Fanatismo, superstizione, intrighi politici e lotte religiose tessono una fitta trama composta da una serie di scandali inauditi, la morte un prete sul rogo e una serie di esorcismi contro ogni forma del diavolo.
Urban Grandier
Figlio di un ricco avvocato, studiò a Bordeaux presso una delle migliori scuole gesuite. Ordinato novizio nel 1615 e dimostrando intelligenza e talento intraprese gli studi superiori, e a ventisette anni dopo fruttuosi studi fu ordinato parroco di Saint Pierre du Marché nella cittadina di Loudun. Era molto avvenente, giovane, intelligente, colto e sapeva parlare con grazia e cultura: aveva insomma tutti i numeri per fare carriera.
Loudun
All’epoca la cittadina di collina era dominata da antichi torrioni gotici che avevano ancora per gli abitanti la loro importanza, poiché le guerre di religione erano cessate da poco e la maggioranza degli abitanti era ugonotta mentre il potere era tutto cattolico. Loudun era una città di provincia nel nord Ovest della Francia, lontana dalla corte, dominata dal governatore Armagnac e da una ventina tra magistrati, avvocati e persone colte che rappresentavano la società del luogo.
Il nuovo parroco
Loudun si divise subito nei confronti del nuovo parroco.

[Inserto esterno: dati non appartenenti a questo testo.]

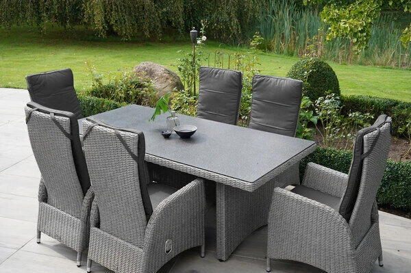 Hochwertige Polyrattan Esstischgarnitur Vigo für 6 Personen, stahlgrau-meliert/schiefergrau
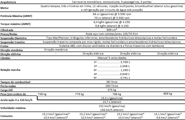 Abastecido com etanol, rende 70 cv de potência a 5.500 rpm e torque de 9,8 kgfm a 4.250 rpm. Com gasolina, são 66 cv a 5.500 rpm e 9,4 kgfm a 4.250 rpm.
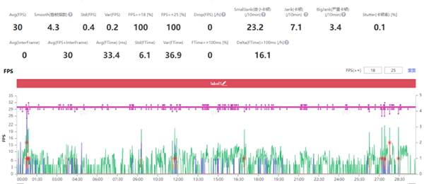 二、和平精英—30幀率,游戲30分鐘以上,平均幀率30fps
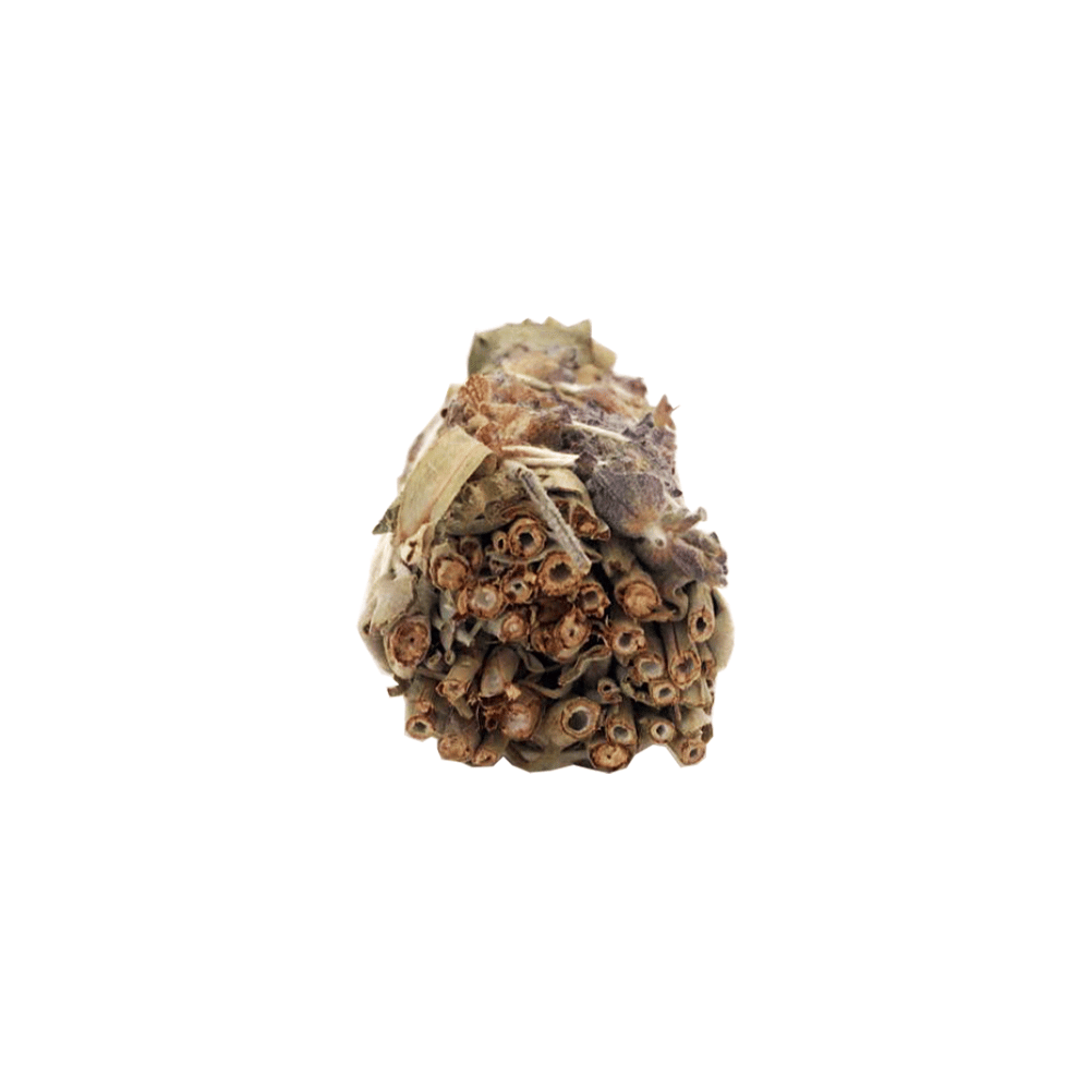 Este atado de 10 cm es una fórmula ceremonial de limpieza, calma y sanación emocional. Une la salvia blanca para purificar el campo energético, el eucalipto para abrir las vías respiratorias y energéticas, la lavanda para relajar la mente, y los pétalos de rosa para suavizar el corazón.
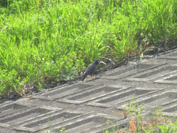 口ばしに何やら白い物を咥えて

Le donne lo apprezzavano mentre gli uomini rimanevano diffidenti; era bello e sensuale, con i capelli ricci, e la barba alla Van Dick.
Grandier non era uomo di Dio: certo era credente e praticante ma, come molti della sua epoca, considerava possibile conciliare il sacerdozio con l’amor cortese, come avveniva nel medio evo e in età rinascimentale. In epoca barocca il sesso era vissuto diversamente che nei nostri tempi, ed era praticato senza troppa morale e senza badar troppo alla convenienza. I tempi però stavano cambiando: in Francia il potere regio sottometteva il clero, per ragioni di convenienza politica i prelati non dovevano fare scandalo e se lo facevano venivano puniti, a differenza di quanto accadeva a Venezia, dove il potere politico era in concorrenza con quello cattolico e al Doge giovava che i preti facessero scandalo.
I nemici
In breve tempo Grandier riuscì a farsi odiare da tutti. La colpa era innanzitutto dell’ignoranza e dell’invidia. In quanto cattolico aveva nemici i protestanti, in quanto bello era inviso alla cittadinanza di sesso maschile, e per le sue raffinatezze subiva le ire di chi non era ricco e potente.

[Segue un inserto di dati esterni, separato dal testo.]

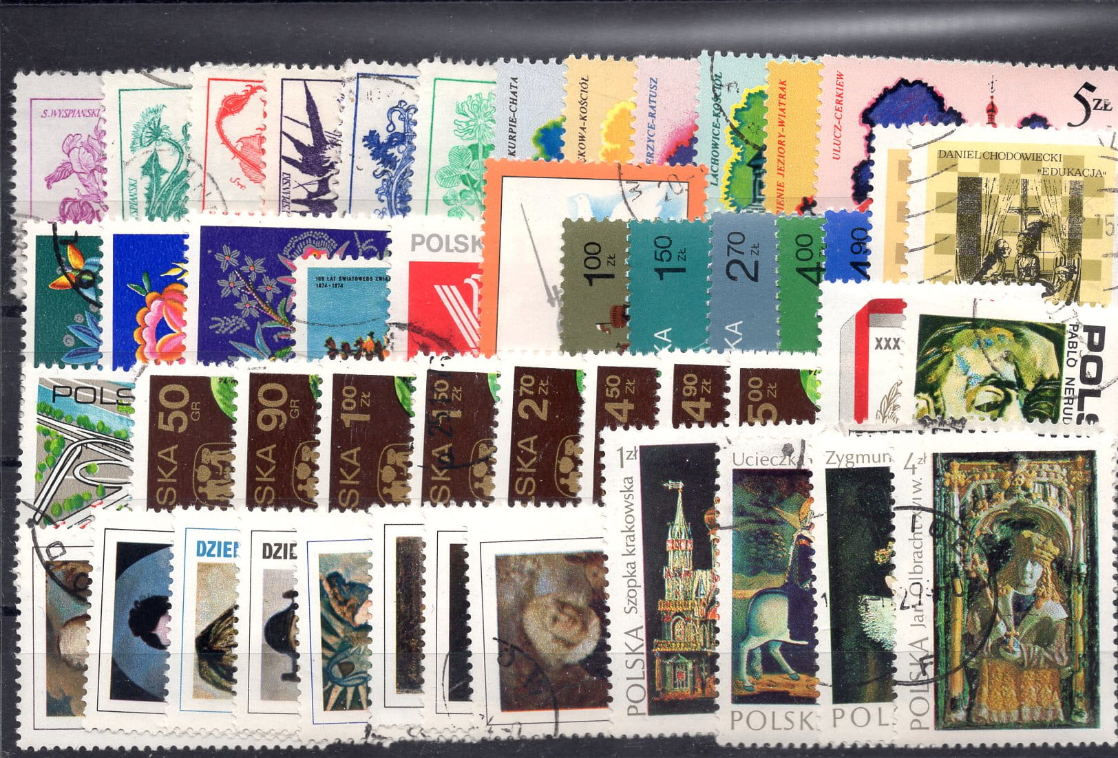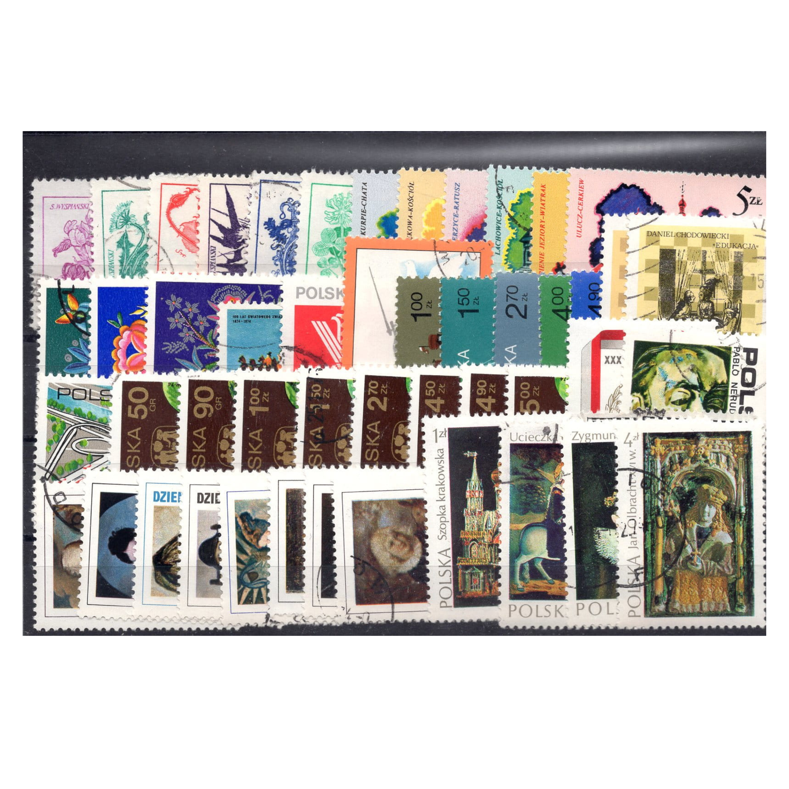 /Pakiet znaczków polskich z roku 1974 na czarnej karcie transportowej [227]
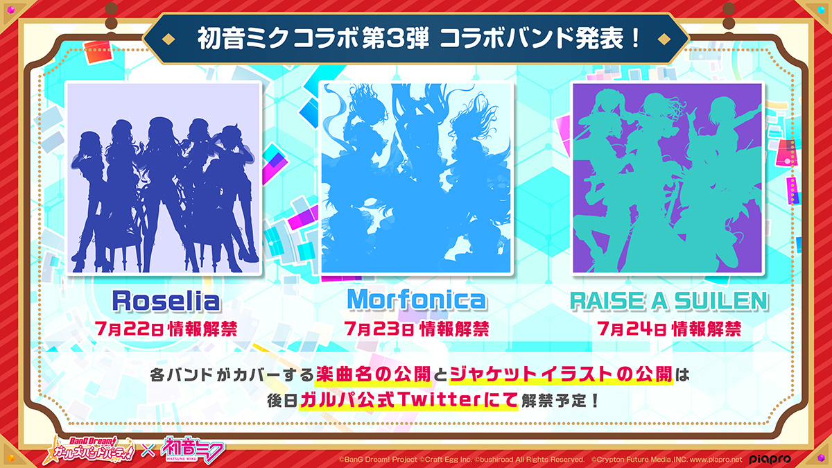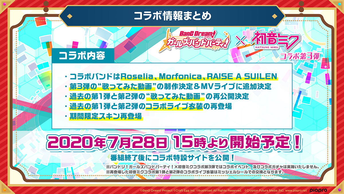スマートフォン向けゲームバンドリ! 『ガールズバンドパーティ!』は、7月19日(日)の公式生放送で、バーチャル・シンガー「初音ミク」とのコラボレーション企画第3弾を開催することを発表した。
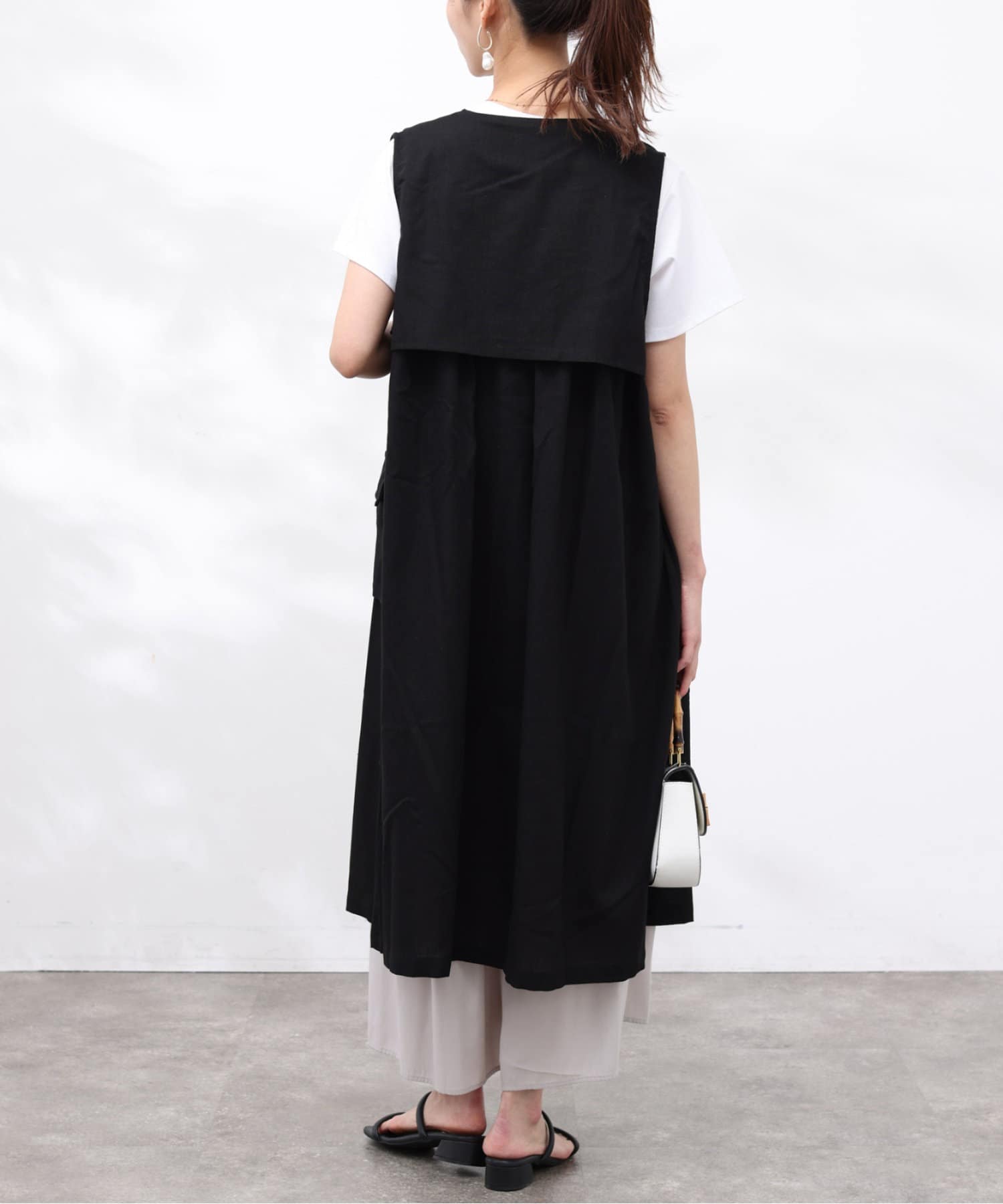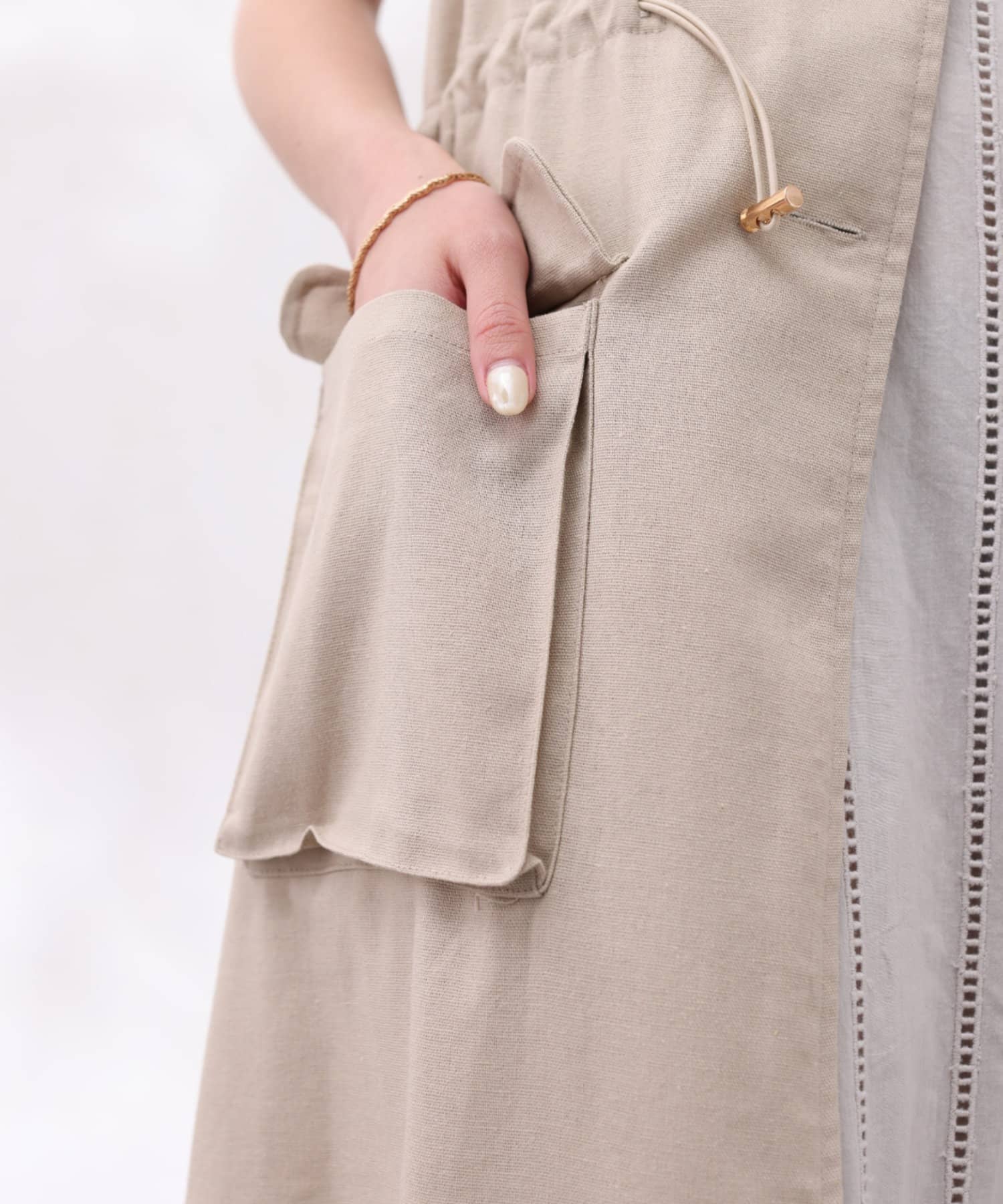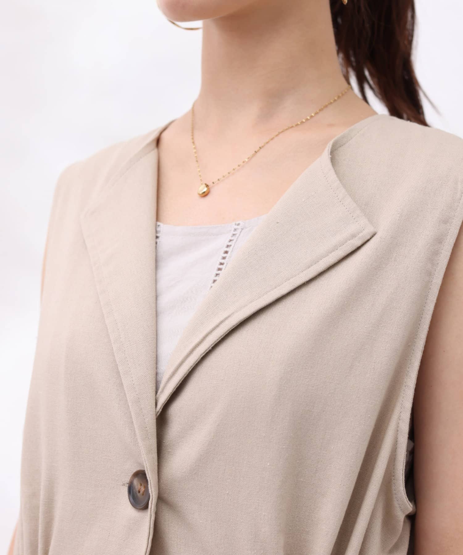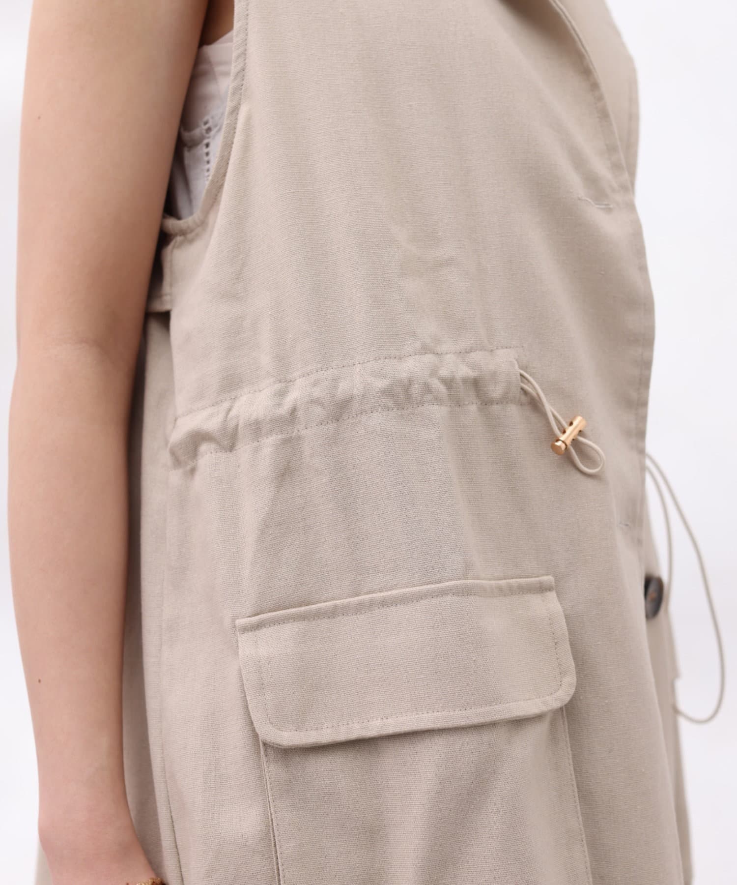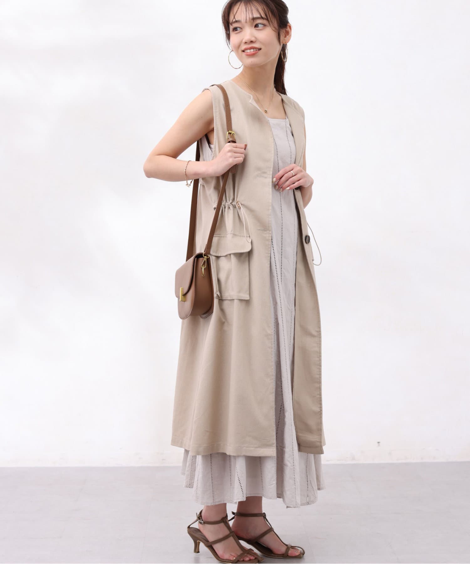 綿麻素材の軽やかな生地感とロング丈がこなれた雰囲気を演出してくれるロングジレコート。

Oltre a questo, però, ci mise senz’altro del suo.
Durante una processione il giovane parroco ebbe l’ardire di pretendere la strada al priore di Coussay e vescovo di Luçon, il quale non era altri che Armand Jean du Plessis de Richelieu. Grandier aveva ragione a pretendere la strada, perché la processione avveniva nella sua città, ma non fu molto cortese nella sua volontà di prevalere su Richelieu, che era caduto temporaneamente in disgrazia; questi, una volta divenuto cardinale, si sarebbe ricordato del giovane spavaldo.

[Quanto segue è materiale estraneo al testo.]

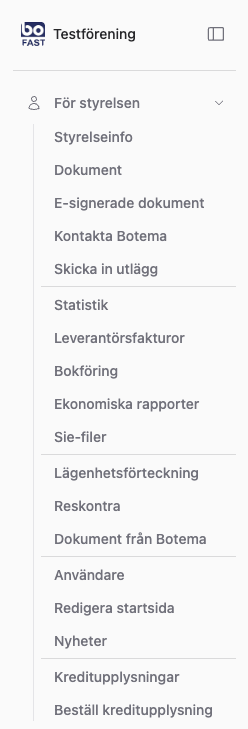 ![]() | Till vänster hittar du hela menyn för tjänsten. Menyn går att fälla in och ut genom knappen längst upp till höger. Under rubriken För styrelsen finns alla funktioner för styrelsen. Vissa sidor behöver föreningen vår utökade portal, Bowebb Bas eller Bowebb Plus för att komma åt. Styrelseinfo: Här presenteras diverse information för styrelsen som nyhetsbrev, mallar, kontaktperson hos Botema, mm. Dokument (Bowebb Plus/Sign): Här hanterar du föreningens egna dokument som användare med styrelsebehörighet kan ladda upp. Det är härifrån du även skapar e-signeringar.
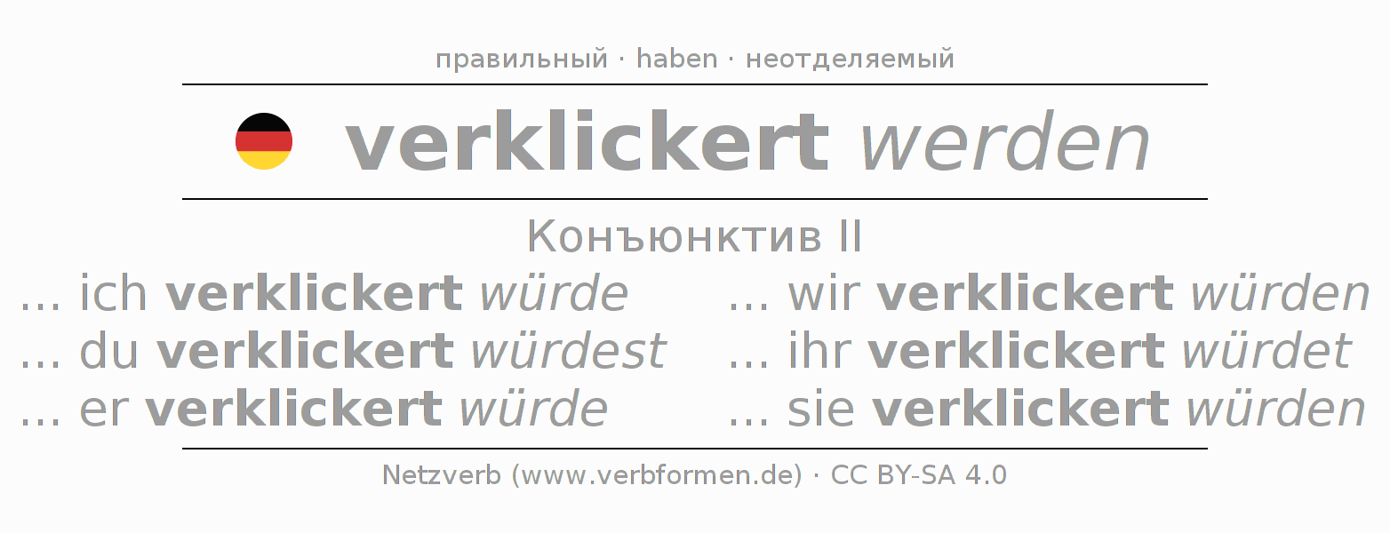 Спряжение verklickern в Koнъюнктив Претеритум Сослагательное наклонение Пассив с werden: ... ich verklickert würde, ... du verklickert würdest, ... er verklickert würde, ... wir verklickert würden, ... ihr verklickert würdet, ... sie verklickert würden.Образование этих форм происходит по определённым грамматическим правилам. Так же спрягаются простые глагольные формы verklickern в Конъюнктив II. Kомментарии ☆

Grandier amava consolare le belle dame della città, e in particolare le vedove. Ricevuto dai più alti dignitari della città si fece molti amici potenti, tanto che il magistrato Trincant gli mandò la giovane e vergine figlia Philippe a studiare latino.
Sempre più nemici
Urban Grandier, da seduttore esperto qual era, non impiegò molto a far cadere Philippe tra le sue braccia. La giovane e bellissima fanciulla s’innamorò perdutamente, per quanto il parroco non ne fosse poi tanto soddisfatto. Ma accadde l’irreparabile: la giovane rimase incinta , Grandier non se ne prese cura e la lasciò al suo destino. Per evitare lo scandalo il padre della ragazza attribuì il bambino a una povera orfana amica della figlia, con tanto di dichiarazione della stessa, ma il paese sapeva e giudicava: i protestanti, in particolare, screditarono il magistrato per l’azione millantatrice.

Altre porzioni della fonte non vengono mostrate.